Harding had explored the historic heart of Penzance and was walking aimlessly along the promenade late the following morning, heading towards the fishing harbour of Newlyn, when the call came he had been expecting since breakfast.
“Hi, Tim. How’s it going?”
“Fine, thanks, Barney. How was Abu Dhabi?”
“Dry What’s it like in the old home town?”
“Overcast. If you really want to know.”
“What I really want to know is how you got on with Humph.”

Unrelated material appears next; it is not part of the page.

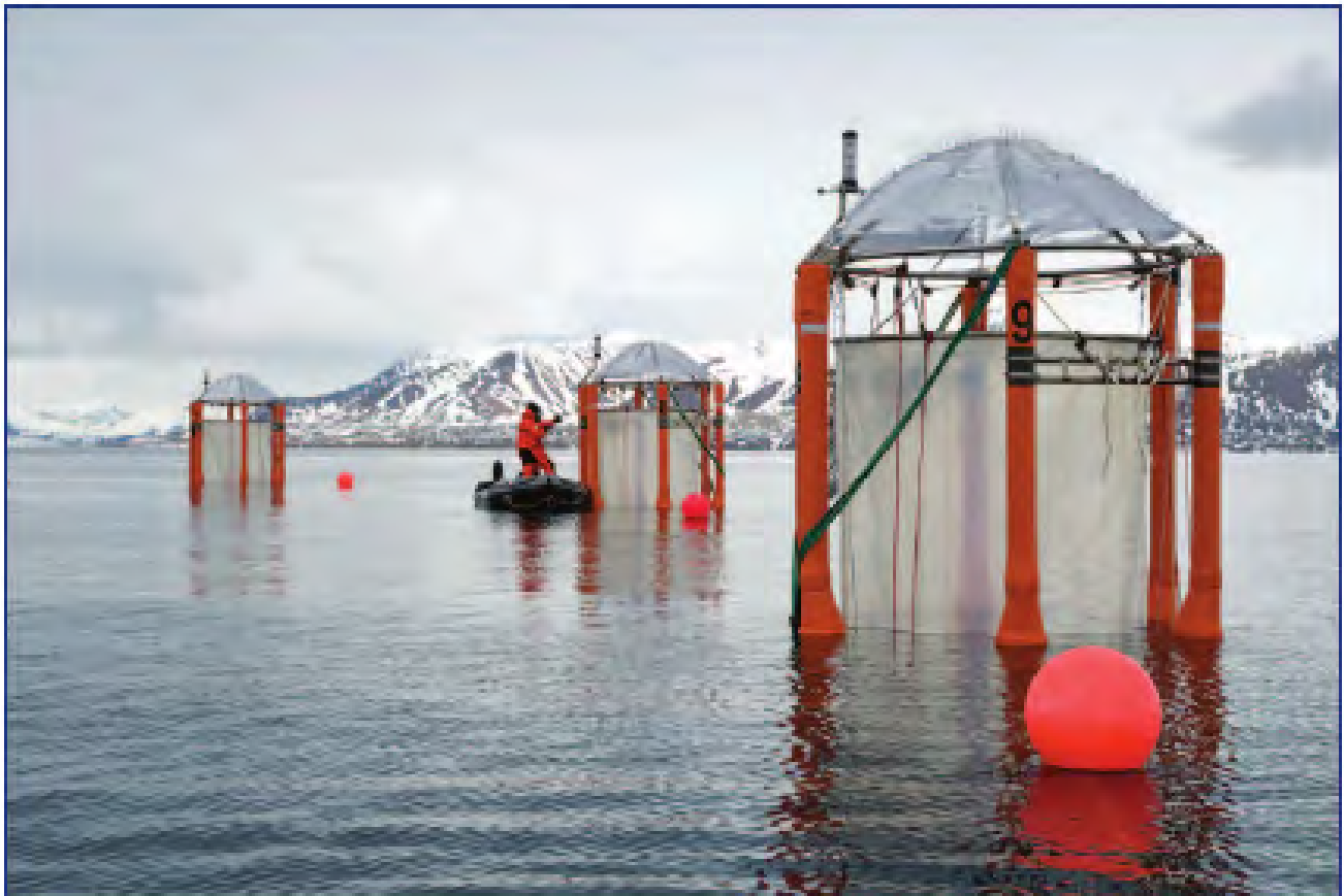
GEOMAR Mesocosms in Spitzbergen

adaptation. The group will identify gaps in research that need to be addressed and will develop a multi-driver “Best Practice Guide” to help this research field move forward in a coordinated manner. The group will mentor early-career scientists in the design process for complex multiple-driver manipulation experiments, familiarize them with the Best Practice Guide, and teach them practical methodologies for the analysis of their experimental findings. The group will build an interactive Web site on multiple drivers and marine biota to increase cooperation within this international research community, and to provide educational information at a variety of levels.

“As well as could be expected. I wouldn’t say there was an outburst of gratitude, but he seems… happy enough.”
“Good.”
“He’s going to Heartsease this morning. I plan to take a look this afternoon at the ring
and
the famous starburst box.”
“Carol said you’d spotted the connection.” Harding had agreed with Carol that she would mention his call-one of his calls, at any rate. “Dad was always going on about it when we were kids. The name just stuck in my memory, I suppose.”

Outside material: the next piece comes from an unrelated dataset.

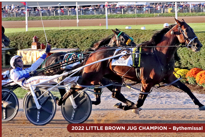
2022 LITTLE BROWN JUG CHAMPION - Bythemissal

“The ring’s three hundred years old, Barney. Has it been in your family all that time?”
“Doubt it, old son. Dad never actually said which ancestor first laid hands on it. Probably didn’t know. And it certainly doesn’t matter. Just keep an eye on Humph till the auction and wait to see if he cracks a smile for the first time in decades when you plonk the bloody thing in his paw straight afterwards.”

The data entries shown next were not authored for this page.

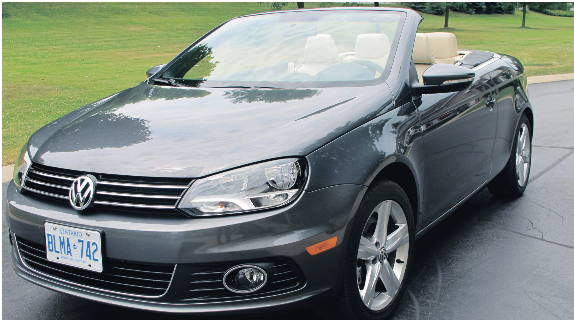
The 2012 Volkswagen Eos is one of the new breed of retractable hardtops that are taking over the convertible market. It has undergone its first redesign in 2012.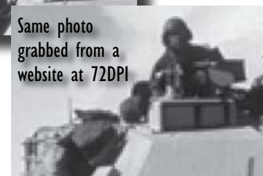
Same photo grabbed from a website at 72DPI

If you absolutely have to have those national current events photos (and we really wish you didn’t) and you don’t want to use World Beat or What’s Up (and we really wish you would) then you can purchase those types of photos from KRT Campus. They are a national wire service for college newspapers who will sell you individual national and international news photos or they have a year-in-review package that is fairly spendy. You can find them at www.krtcampus.com . ✕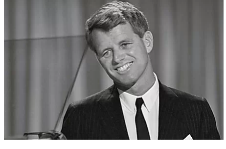
Your IQ Is At Least 129 If You Can Pass This Offbeat

“OK, Barney. Leave it to me.”
Heartsease was in a tree-shaded road lined with large family homes that looked to date from the inter-war years. It was a big, inelegant pile of a house, with timbered gables, squat chimneys, irregular dormers and uneven bays, dankly flanked by limp palms, overgrown evergreens and a spectacularly feral camellia.
The neighbourhood was probably quiet as a rule, but Isbister’s advertisement had brought double-parked cars and a steady stream of bargain-hunters to Polwithen Road. Harding trailed behind several of them up the drive to the side-door, taking the route prescribed by a sign out on the pavement. He reflected that Humphrey had been wise to come early. A chance to inspect the belongings of Gabriel Tozer (deceased) and to prowl round his house was evidently the high spot of quite a few people’s Saturday.
The auctioneer had put the conservatory adjoining the entrance into service as a cloakroom, where coats and bags had to be left. Catalogues were on sale at a fiver a throw, but Harding kept his money in his pocket. His interest, after all, was confined to one lot and one lot only.
As he was waiting for the ticket for his coat, he was suddenly jostled to one side by a burly, scruffily dressed figure, demanding the return of a bag he had deposited. The man was middle-aged, with grey-shot black hair cut in a rudimentary short-back-and-sides. His jowly face was flushed and pockmarked and sheened with sweat. And there was a smell of whisky on his breath.
“Leaving so soon, Mr. Trathen?” the cloakroom attendant enquired as he passed Harding his ticket and the other man a bulging Co-op carrier-bag.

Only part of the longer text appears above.